Exercise requirements: The line containing "形态分布:广式里弄、花园里弄、新式里弄、石库门风格四种" marks the end; write out exactly every line from the start of the data up to and including it, without the pictures.

Material provided:

:::

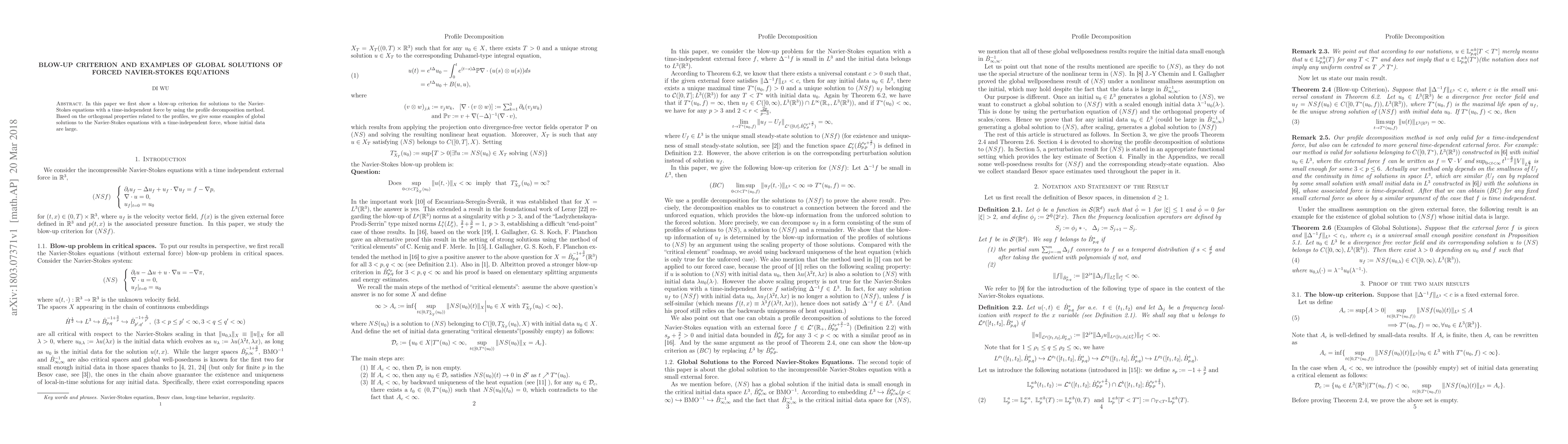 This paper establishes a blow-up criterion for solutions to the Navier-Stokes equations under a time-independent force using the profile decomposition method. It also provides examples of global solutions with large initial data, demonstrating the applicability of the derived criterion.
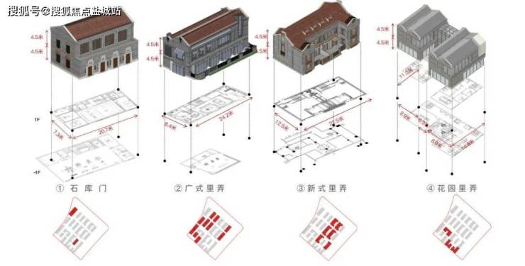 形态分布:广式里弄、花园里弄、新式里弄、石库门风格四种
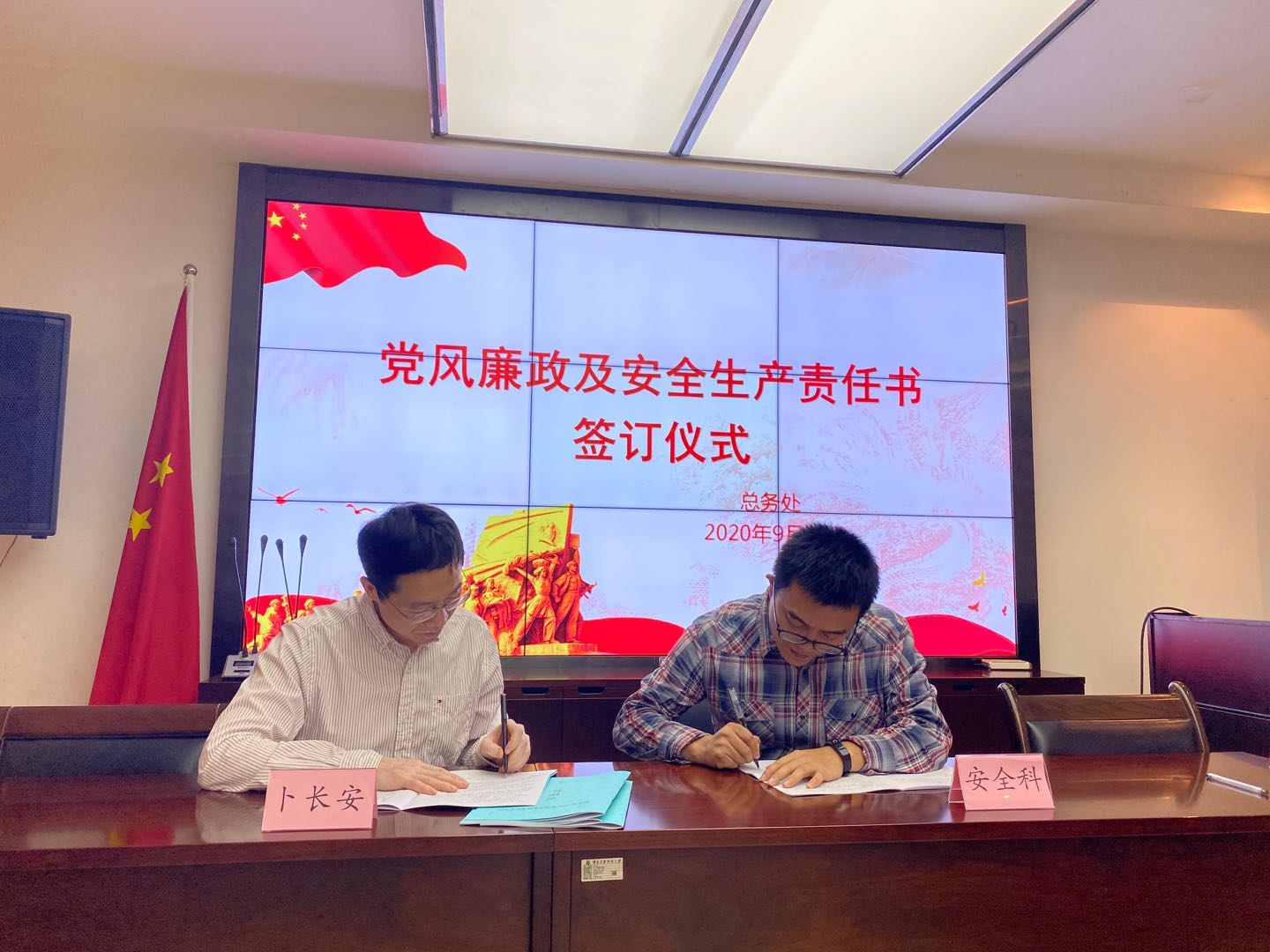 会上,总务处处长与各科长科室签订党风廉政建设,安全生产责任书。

:::

Exercise solution:
 This paper establishes a blow-up criterion for solutions to the Navier-Stokes equations under a time-independent force using the profile decomposition method. It also provides examples of global solutions with large initial data, demonstrating the applicability of the derived criterion.
 形态分布:广式里弄、花园里弄、新式里弄、石库门风格四种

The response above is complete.